実情を知っている私たちは、心配と不安を、当然感じていた。

 まず工場での製造段階から、これは強度が足りない、などの問題が起こり、その都度ツギハギの設計変更を繰り返した。しかし新製品リリースは急務、何となく形になったところで市場にリリースされた。

 営業は、そんなことは知ってか知らずか、従来のお客様に猛烈に買い替えを勧めた。まだ調子良く稼働している機械でも、新しい機械の方が良い、国の助成金が下りる今がチャンス、などと、売った方が赤字になってしまいそうな位な大幅値引きを実施して、かなりの台数が市場に出てしまった。しかし、それから半年も経たないうちに、待っていたのは、顧客からのクレームの嵐、だ。

 せっかく新しい機械に買い替えたのに、何で前の機械の方が性能(精度)が良いんだ?耐久性は前の機械の方が断然良かったぞ!

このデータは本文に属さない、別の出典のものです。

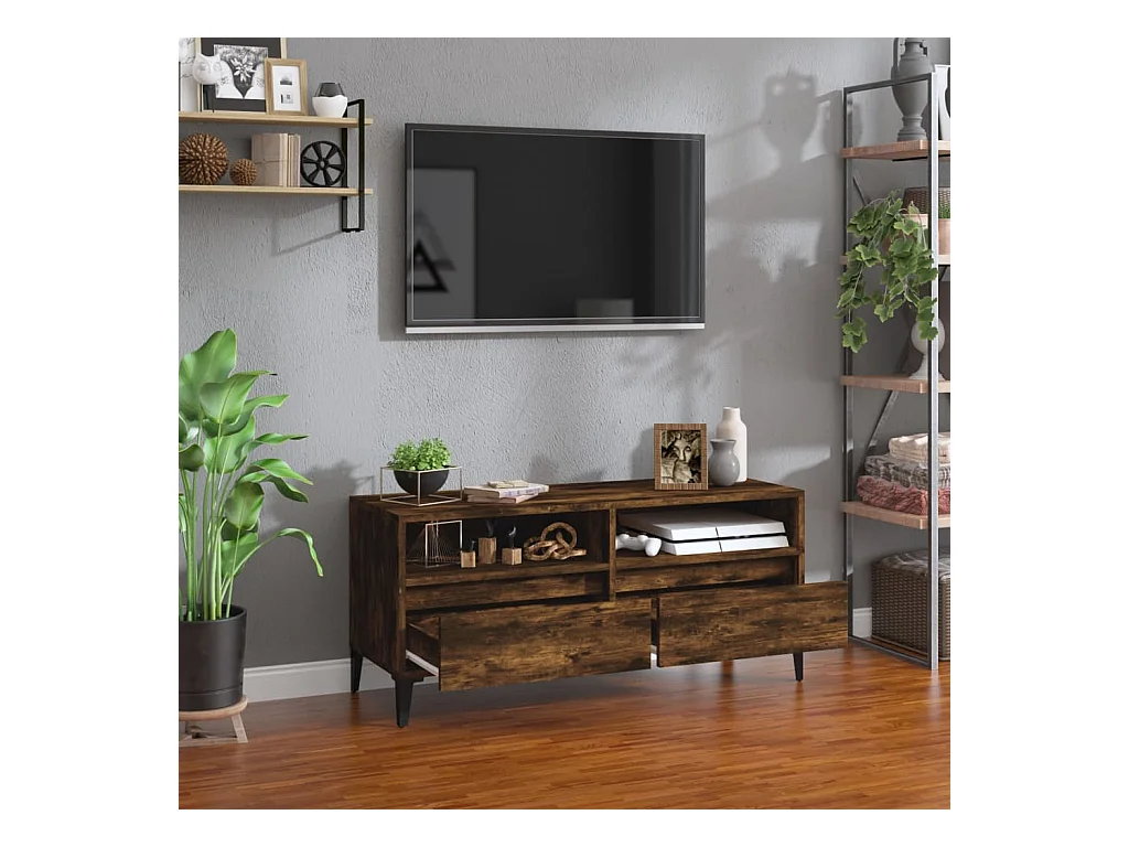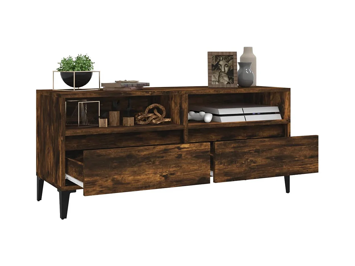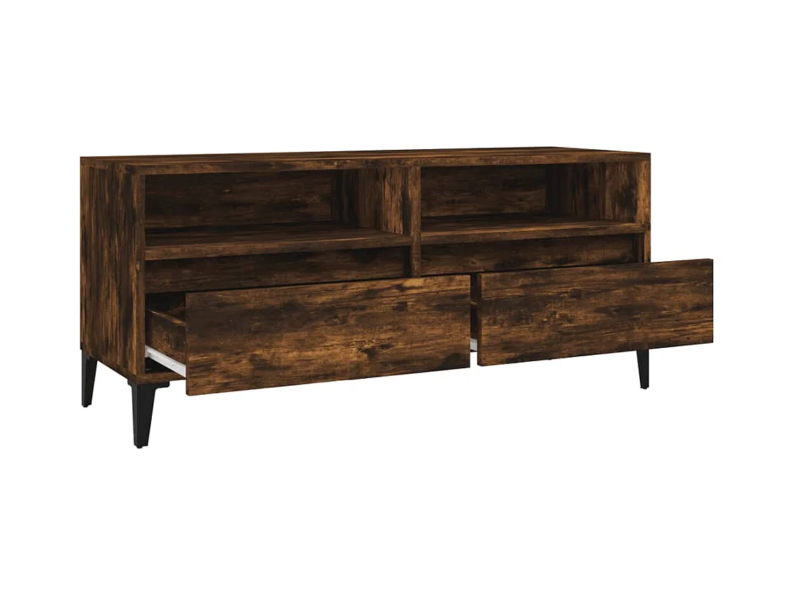 TV-meubel van gerookt eikenhout 100x34,5x40 cm, bewerkt hout en metaal

 全くその通り、ぐうの音も出ない。クレームが出るたびに対策部品を設計、無償交換。結局、コストダウンをしたのか、コストアップになってしまったのか…。

 顧客だけでなく、会社内部からも、設計開発に対しての風当たりは相当強くなった。怒り心頭だ。

 こちらとしては上層部の指示に従っただけなのだが、客先修理に行くサービス部門からは、何で新型機械を納入したのにすぐに交換しなければならないのか、その手間と工数、顧客からぶつけられる金返せ!のような不平不満。最前線の彼らは、ひたすら謝るしかない。

 とうとう上層部も、無償修理が続くことに対して、設計開発の責任を問うようになってきた。私はただの平民設計者だったので、責任を問われるほど詰問されることもなかったし、基幹となる部分の設計に携わっていなかったので、大事には至らなかったが、不良クレームとなっている基幹部分の対策品設計の応援に回ったり、仕事は減るどころか増える一方だった。


 あまりにも大きい、しっぺ返し、だ。